All of us need others who can look objectively at what we are saying or doing in the body of Christ, people who love us enough to tell us the truth, even if the truth hurts for a season. At the same time, we need people who can encourage us to do what God has called us to do, without kowtowing, flattering, or telling us simply what we want to hear. Honest encouragement must become a keystone in the last-days church of Jesus Christ.
A few years ago, I was one of the speakers at a large prophecy conference. When I got up to speak, I couldn’t get the message together! Instead of bringing a message that hit the mark, I meandered back and forth, totally missing the target.
After the session that day, the ministers gathered together to evaluate what had been spoken. It was a precious time of prayer and encouragement. But that’s not all.
The other ministers firmly rebuked me for not sharing the message God had given me. “You blew it, Jim,” one man said kindly but emphatically. “You missed the message. God gave you the message, but you didn’t present it. You never got the point across.” The other ministers agreed that I had not been effective that day. They didn’t make me feel like a heel, but they were not about to sit by idly, pretending that I had been a blessing when I had not been.
Did I enjoy that corrective rebuke? Absolutely not. Did I need it, learn from it, and grow from it? Count on it.
God wants us to be stirring each other up in a local community of believers with whom we interact daily, week by week. He wants us to encourage and to be encouraged by spiritual brothers and sisters with whom we live out our Christian experience.
Notice again in Hebrews 10:25 how seriously God takes this matter. Scripture says that we are to stir one another up to good works, “not forsaking the assembling of ourselves together, as is the manner of some, but exhorting one another, and so much the more as you see the Day approaching.”

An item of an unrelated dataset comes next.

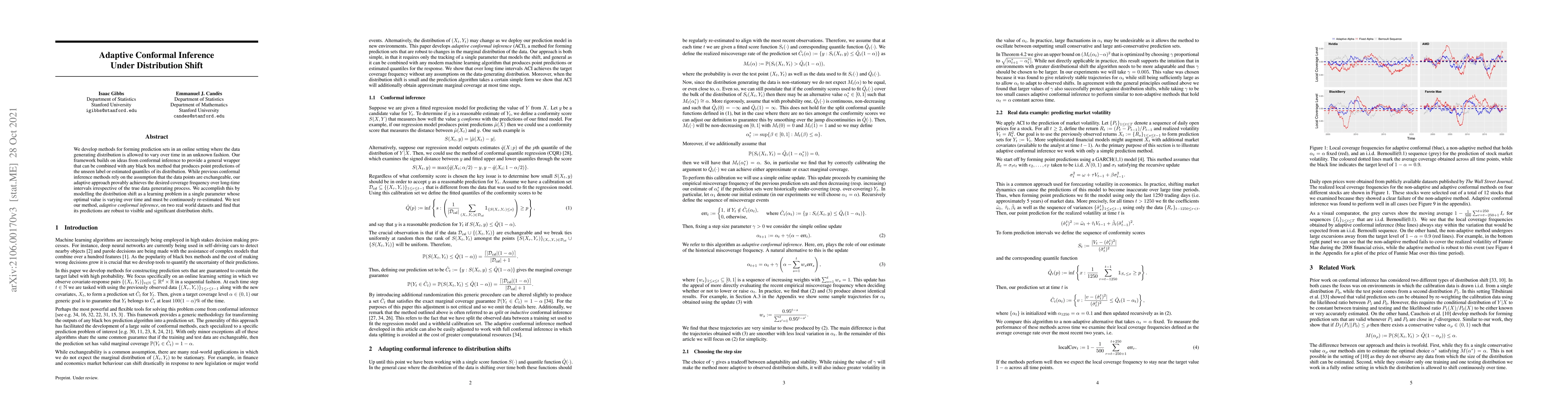 This paper introduces adaptive conformal inference methods for forming prediction sets in online settings with unknown, time-varying data distributions. The proposed framework combines conformal inference with black box prediction methods to achieve desired coverage frequency, demonstrating robustness to significant distribution shifts in real-world datasets.

In other words, as we see the Day of the Lord approaching, the signs of Christ’s coming all around us, we desperately need each other if we are to mature as believers.
In the days ahead, many will need the church for food; some will need the body for shelter, transportation, child care, and basic human services. All of us will need each other for spiritual encouragement to keep going, to keep trusting and believing. In these “getting ready days,” we must take seriously the scriptural mandate that we encourage one another. If ever we needed the church, we need it now!